Johnson sagte nach der verlorenen Abstimmung über Corbyn: „Die offensichtliche Schlussfolgerung, befürchte ich, ist, dass er nicht glaubt, zu gewinnen.“ Johnson deutete an, es bald erneut versuchen zu wollen. Er rief die Abgeordneten auf, „über Nacht und im Lauf der nächsten paar Tage zu reflektieren“.

Das Kräftemessen im Unterhaus ist der jüngste Akt im Brexit-Drama, das die britische Politik dominiert, seit 2016 eine Mehrheit der Bevölkerung für einen Austritt aus der EU stimmte. Johnsons Vorgängerin Theresa May handelte ein Austrittsabkommen mit der EU aus, das aber vom Parlament in London drei Mal abgelehnt wurde. Der geplante Termin für den Brexit musste deshalb auf den 31. Oktober verschoben werden, die Regierung versuchte in den vergangenen Monaten vergeblich von der EU Vertragsänderungen zu erreichen. Johnson lehnt eine weitere Verzögerung des EU-Austritts kategorisch ab.

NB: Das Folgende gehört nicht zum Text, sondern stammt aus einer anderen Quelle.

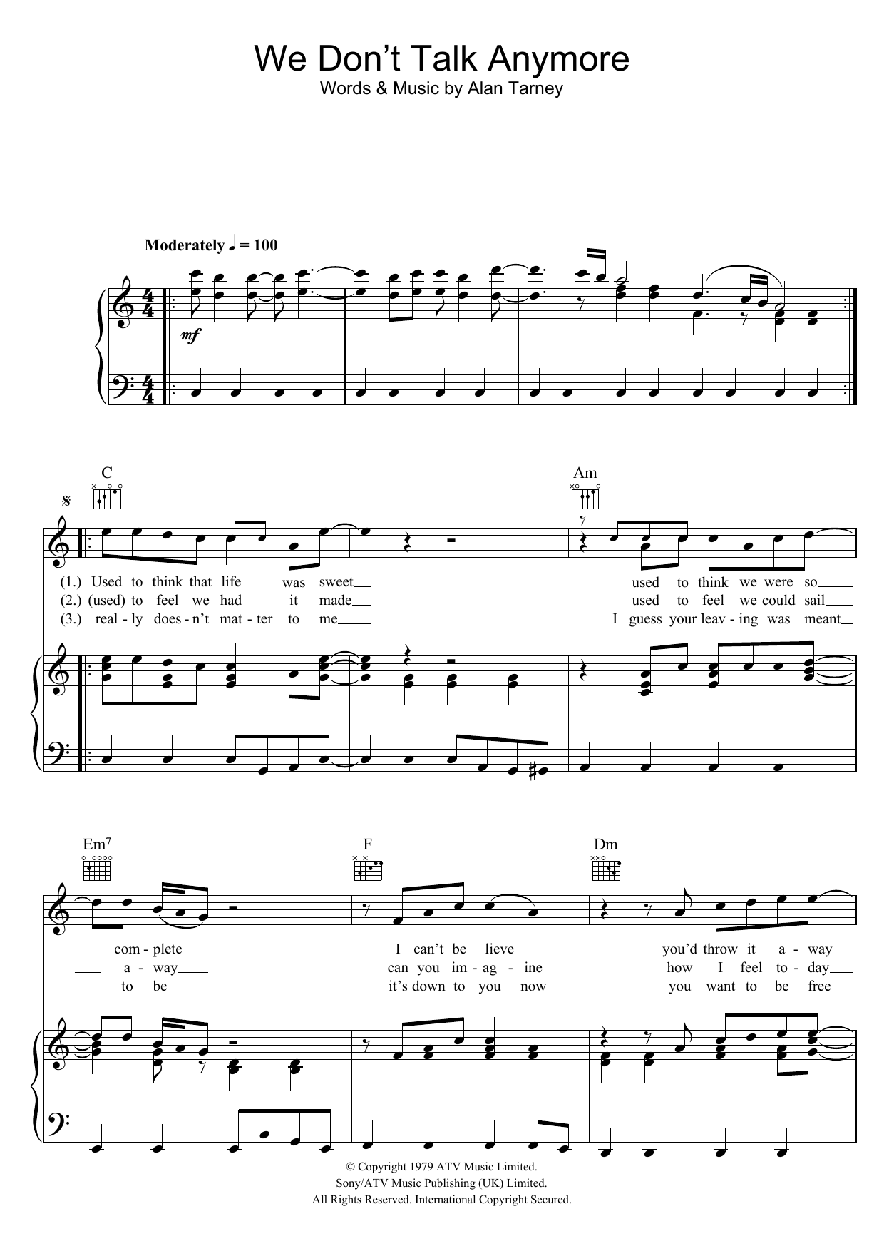 Download or print Cliff Richard We Don't Talk Anymore sheet music, chords and digital score arranged for Piano, Vocal & Guitar Chords. This Pop score includes 4 page(s).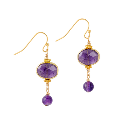 Discover these unique faceted purple amethyst 1 1/2-inch drop earrings with gold accents. Each hand-carved amethyst wedge is encased in vermeil trim on a dainty ear wire. Inherent to the hand carved stone craftsmanship is slight natural variations in color and size. Gold-plated pewter for a touch of casual elegance.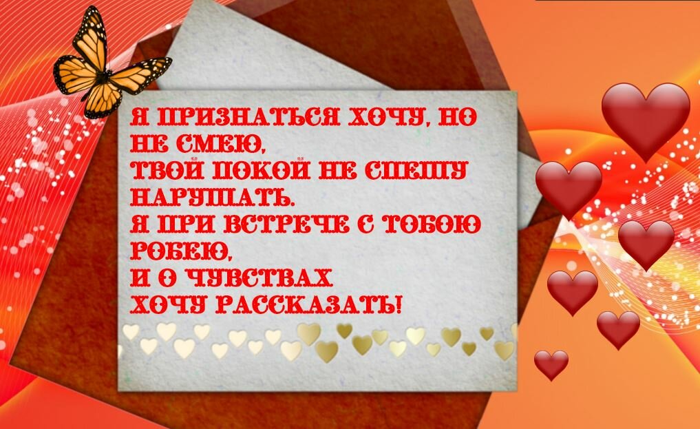Божественная, воздушная, прекрасная, неземная, восхитительная женщина! Она светится ярче, чем сто самых ярких небесных светил, ее глаза бездоннее, чем самая глубокая точка Тихого океана, в них можно смотреть бесконечно. Каждый раз, когда вы провожаете взглядом ее изящный силуэт, мысли ваши озаряются и становится на душе хорошо даже в самый пасмурный и дождливый день. Ничто на свете не радует вас так, как её улыбка, которая ослепительна и белоснежна! Она вам дороже всего на свете. Хотели ли бы вы, чтобы она принадлежала только вам? Сообщите ангелу своего сердца о чувствах в нежном и искреннем признании.
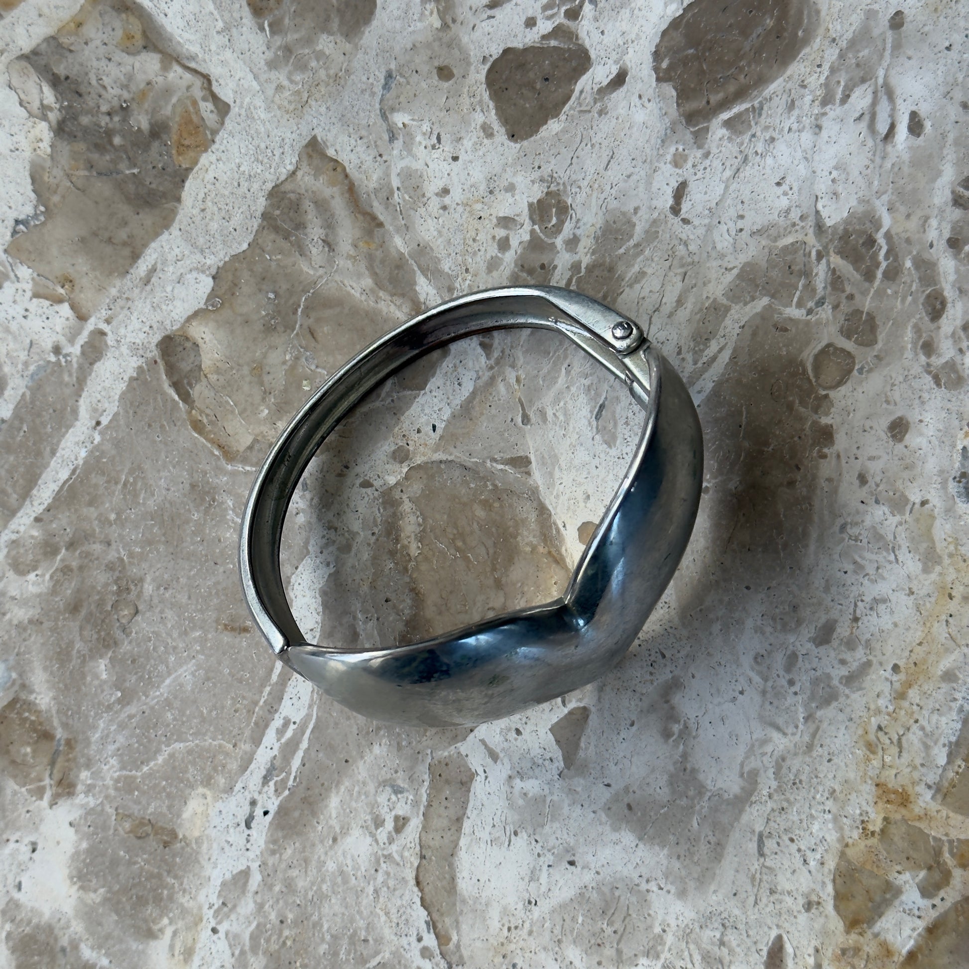 Silver metal heart cuff bracelet. Spring snap closure.

Das Gesetz, welches Johnson zwingt, die EU um eine weitere Verschiebung des aktuellen Brexit-Datums 31. Oktober zu bitten, war zuvor mit 327 zu 299 Stimmen angenommen worden, und muss noch im Oberhaus beraten werden. Dort drohen Befürworter eines kompromisslosen Brexits, den Vorstoß des Unterhauses durch Geschäftsordnungstricks auszubremsen. Die Unterstützer des Premiers könnten versuchen, angesichts der wenigen Tage, die vor der von Johnson verordneten Zwangspause des Parlaments bleiben, auf Zeit zu spielen. Sie könnten etwa Zusätze zu dem Gesetzesentwurf beantragen, die dann erst diskutiert werden müssen, oder lange Filibuster-Reden zu halten, damit das Gesetz gar nicht erst zur Abstimmung kommt.

EU-Mitgliedsländer müssen Brexit-Aufschub zustimmen

Johnson hatte dem Parlament von kommender Woche an bis zum 14. Oktober – also nur gut zwei Wochen vor dem geplanten Brexit-Datum – eine Zwangspause verordnet. Die Abgeordnetenmehrheit im Unterhaus hofft, das Gesetz gegen einen Brexit ohne Vertrag bis Ende der Woche endgültig verabschieden zu können. Einem britischen Antrag auf Verschiebung des Brexits müssen die verbleibenden EU-Mitgliedsstaaten dann noch zustimmen.

Johnson will Großbritannien unbedingt zum 31. Oktober aus der EU führen, ob mit Vertrag oder ohne. Er habe mit der EU schon „substanzielle Fortschritte“ erzielt, sagte er am Mittwoch im Unterhaus. Doch das Parlament untergrabe mit dem Gesetz gegen den No-Deal-Brexit seine Verhandlungsposition. Labour-Chef Corbyn warf dem Premier vor, gar nicht wirklich zu verhandeln, sondern nur Zeit verstreichen zu lassen. Die Sprecherin der EU-Kommission, Mina Andreeva, sagte, die EU habe „nichts Neues“ aus London gehört.